Records provided: Begin
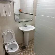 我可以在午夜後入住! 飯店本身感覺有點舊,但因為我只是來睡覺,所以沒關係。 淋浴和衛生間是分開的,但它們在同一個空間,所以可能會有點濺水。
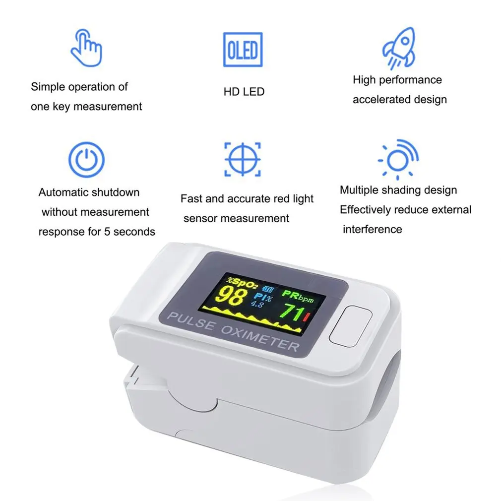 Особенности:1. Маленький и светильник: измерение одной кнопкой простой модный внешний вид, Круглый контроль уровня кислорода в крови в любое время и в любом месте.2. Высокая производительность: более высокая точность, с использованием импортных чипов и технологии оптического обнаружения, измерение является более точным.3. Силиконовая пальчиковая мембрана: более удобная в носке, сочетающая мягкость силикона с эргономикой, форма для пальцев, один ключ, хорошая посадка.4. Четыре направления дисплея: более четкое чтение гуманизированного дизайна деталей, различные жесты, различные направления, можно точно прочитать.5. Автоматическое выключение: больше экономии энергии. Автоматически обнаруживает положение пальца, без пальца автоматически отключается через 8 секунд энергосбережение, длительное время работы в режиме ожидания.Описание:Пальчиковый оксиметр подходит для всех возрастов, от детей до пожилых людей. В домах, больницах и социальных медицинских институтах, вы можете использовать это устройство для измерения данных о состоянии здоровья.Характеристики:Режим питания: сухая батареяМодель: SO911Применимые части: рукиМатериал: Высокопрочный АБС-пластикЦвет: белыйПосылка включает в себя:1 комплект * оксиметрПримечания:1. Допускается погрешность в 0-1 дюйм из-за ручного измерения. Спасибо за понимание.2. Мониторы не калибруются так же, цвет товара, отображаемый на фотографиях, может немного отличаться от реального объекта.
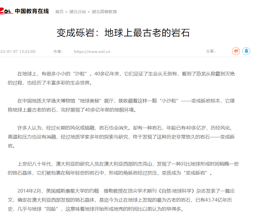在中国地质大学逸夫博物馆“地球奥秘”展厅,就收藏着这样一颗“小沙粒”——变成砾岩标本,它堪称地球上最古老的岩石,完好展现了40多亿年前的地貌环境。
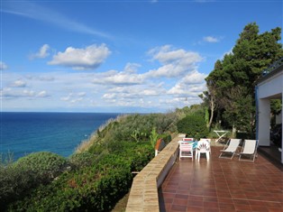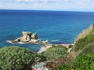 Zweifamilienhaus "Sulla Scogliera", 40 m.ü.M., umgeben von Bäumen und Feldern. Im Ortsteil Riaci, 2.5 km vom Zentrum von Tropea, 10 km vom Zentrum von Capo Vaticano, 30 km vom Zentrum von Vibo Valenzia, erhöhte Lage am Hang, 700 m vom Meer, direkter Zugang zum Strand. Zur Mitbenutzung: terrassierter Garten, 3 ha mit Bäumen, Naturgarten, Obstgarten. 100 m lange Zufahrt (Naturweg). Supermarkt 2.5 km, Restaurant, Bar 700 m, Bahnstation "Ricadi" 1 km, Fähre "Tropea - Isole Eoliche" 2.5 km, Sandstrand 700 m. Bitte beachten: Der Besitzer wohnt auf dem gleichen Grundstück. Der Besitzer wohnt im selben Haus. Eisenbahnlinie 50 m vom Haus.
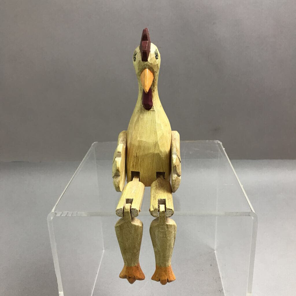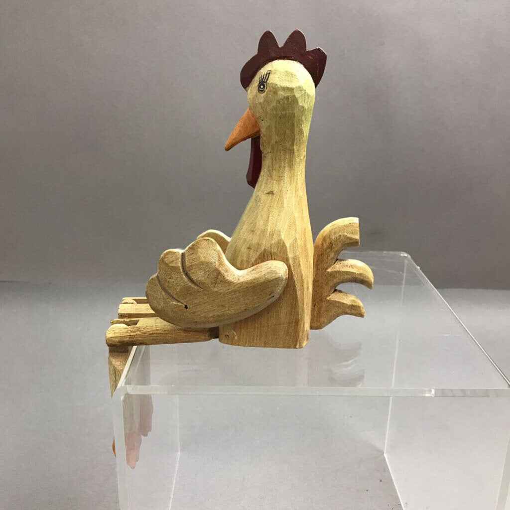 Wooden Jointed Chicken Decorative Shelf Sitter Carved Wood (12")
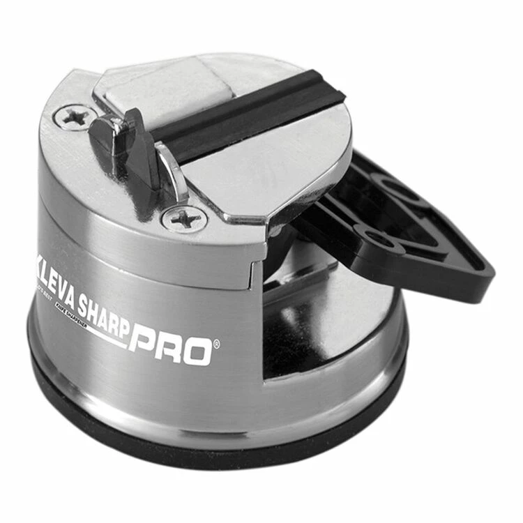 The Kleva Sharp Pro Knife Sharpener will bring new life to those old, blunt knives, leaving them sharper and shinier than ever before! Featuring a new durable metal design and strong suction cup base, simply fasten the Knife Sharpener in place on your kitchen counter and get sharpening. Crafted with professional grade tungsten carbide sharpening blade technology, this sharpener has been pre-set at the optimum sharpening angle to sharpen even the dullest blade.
Records provided: End
=== What to do ===
Beginning with the line that contains "Wooden Jointed Chicken", repeat every remaining line of the data exactly, the last line included, and omit pictures.

=== Solution for this task ===
 Wooden Jointed Chicken Decorative Shelf Sitter Carved Wood (12")
 The Kleva Sharp Pro Knife Sharpener will bring new life to those old, blunt knives, leaving them sharper and shinier than ever before! Featuring a new durable metal design and strong suction cup base, simply fasten the Knife Sharpener in place on your kitchen counter and get sharpening. Crafted with professional grade tungsten carbide sharpening blade technology, this sharpener has been pre-set at the optimum sharpening angle to sharpen even the dullest blade.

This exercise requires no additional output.